» **DATA EXTRACTS**:
________________________

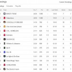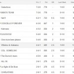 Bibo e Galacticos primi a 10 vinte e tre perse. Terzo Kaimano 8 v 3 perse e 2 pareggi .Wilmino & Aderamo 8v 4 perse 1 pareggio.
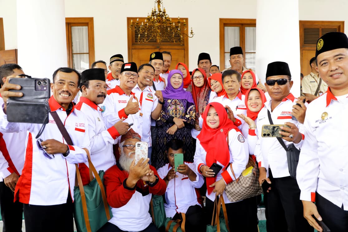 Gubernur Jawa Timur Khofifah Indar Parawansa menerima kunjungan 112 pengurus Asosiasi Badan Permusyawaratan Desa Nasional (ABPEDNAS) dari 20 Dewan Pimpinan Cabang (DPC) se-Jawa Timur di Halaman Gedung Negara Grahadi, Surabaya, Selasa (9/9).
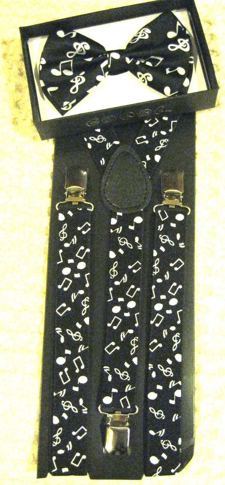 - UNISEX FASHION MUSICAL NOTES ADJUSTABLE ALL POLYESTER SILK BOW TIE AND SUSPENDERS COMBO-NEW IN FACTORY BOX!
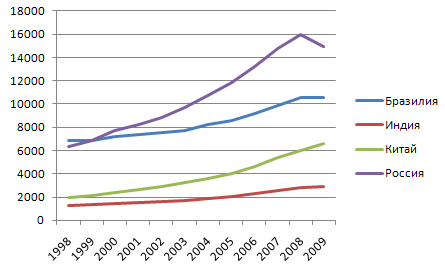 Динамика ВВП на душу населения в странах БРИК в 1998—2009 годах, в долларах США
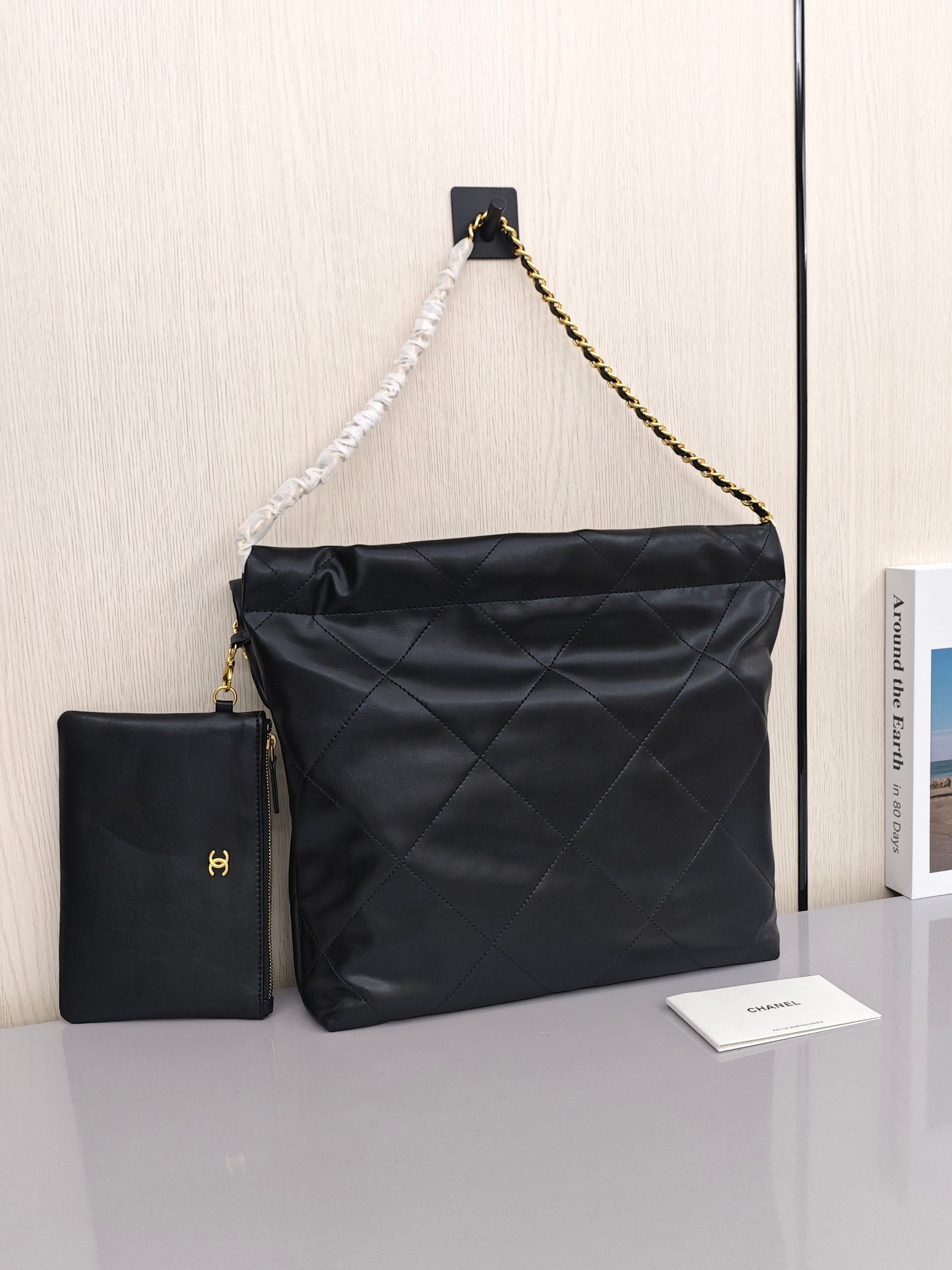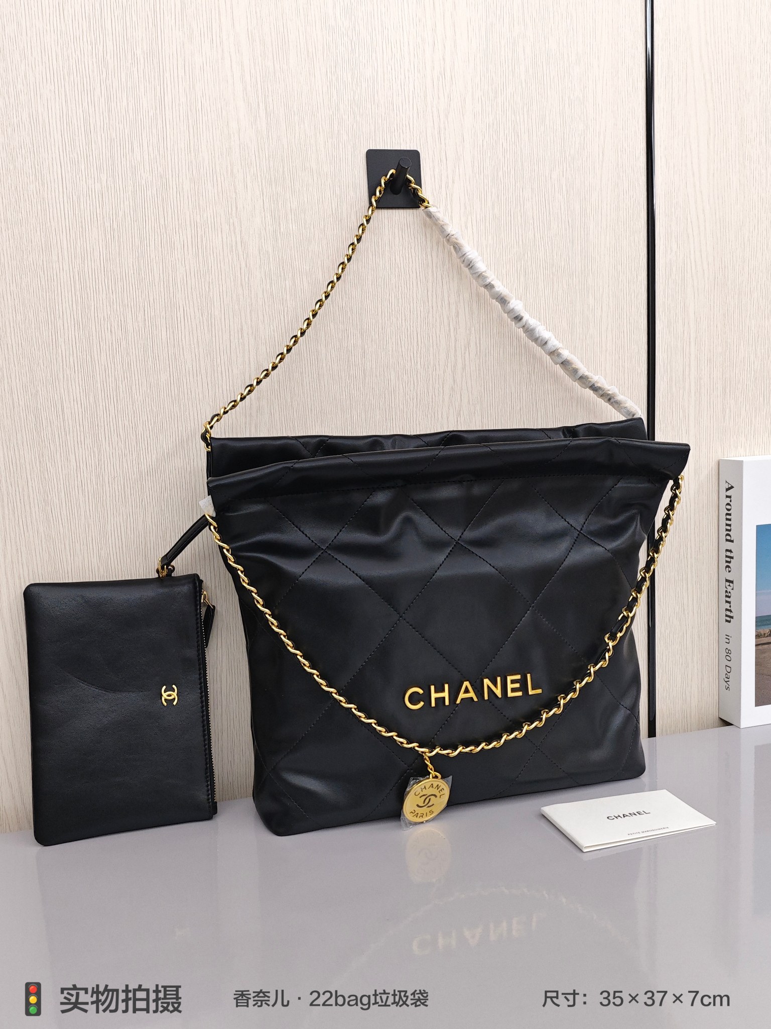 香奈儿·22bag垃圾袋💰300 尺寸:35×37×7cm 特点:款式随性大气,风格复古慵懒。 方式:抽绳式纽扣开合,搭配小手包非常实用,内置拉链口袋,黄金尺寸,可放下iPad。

________________________

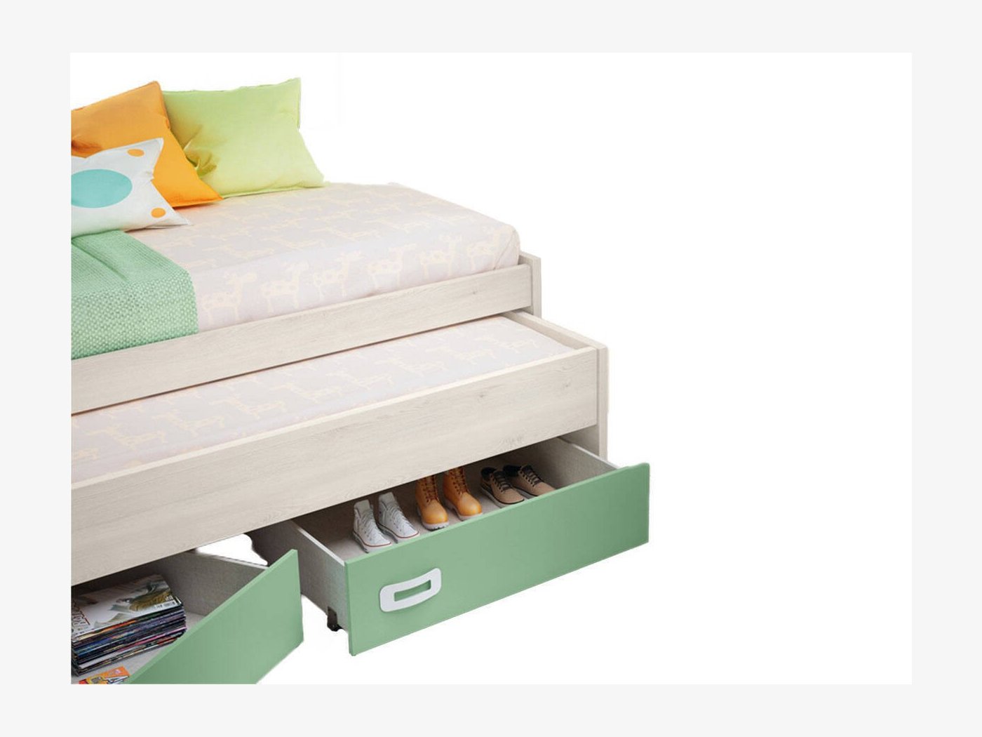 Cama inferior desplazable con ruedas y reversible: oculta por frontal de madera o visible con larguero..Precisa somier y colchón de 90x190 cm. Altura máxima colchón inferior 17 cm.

________________________

» **TASK DESCRIPTION**:
Out of the records above, please copy exactly the lines from the line with "Bibo e Galacticos" up to and including the line with "香奈儿·22bag垃圾袋💰300 尺寸:35×37×7cm 特点:款式随性大气,风格复古慵懒。", minus the pictures.

» **ANSWER**:
 Bibo e Galacticos primi a 10 vinte e tre perse. Terzo Kaimano 8 v 3 perse e 2 pareggi .Wilmino & Aderamo 8v 4 perse 1 pareggio.
 Gubernur Jawa Timur Khofifah Indar Parawansa menerima kunjungan 112 pengurus Asosiasi Badan Permusyawaratan Desa Nasional (ABPEDNAS) dari 20 Dewan Pimpinan Cabang (DPC) se-Jawa Timur di Halaman Gedung Negara Grahadi, Surabaya, Selasa (9/9).
 - UNISEX FASHION MUSICAL NOTES ADJUSTABLE ALL POLYESTER SILK BOW TIE AND SUSPENDERS COMBO-NEW IN FACTORY BOX!
 Динамика ВВП на душу населения в странах БРИК в 1998—2009 годах, в долларах США
 香奈儿·22bag垃圾袋💰300 尺寸:35×37×7cm 特点:款式随性大气,风格复古慵懒。 方式:抽绳式纽扣开合,搭配小手包非常实用,内置拉链口袋,黄金尺寸,可放下iPad。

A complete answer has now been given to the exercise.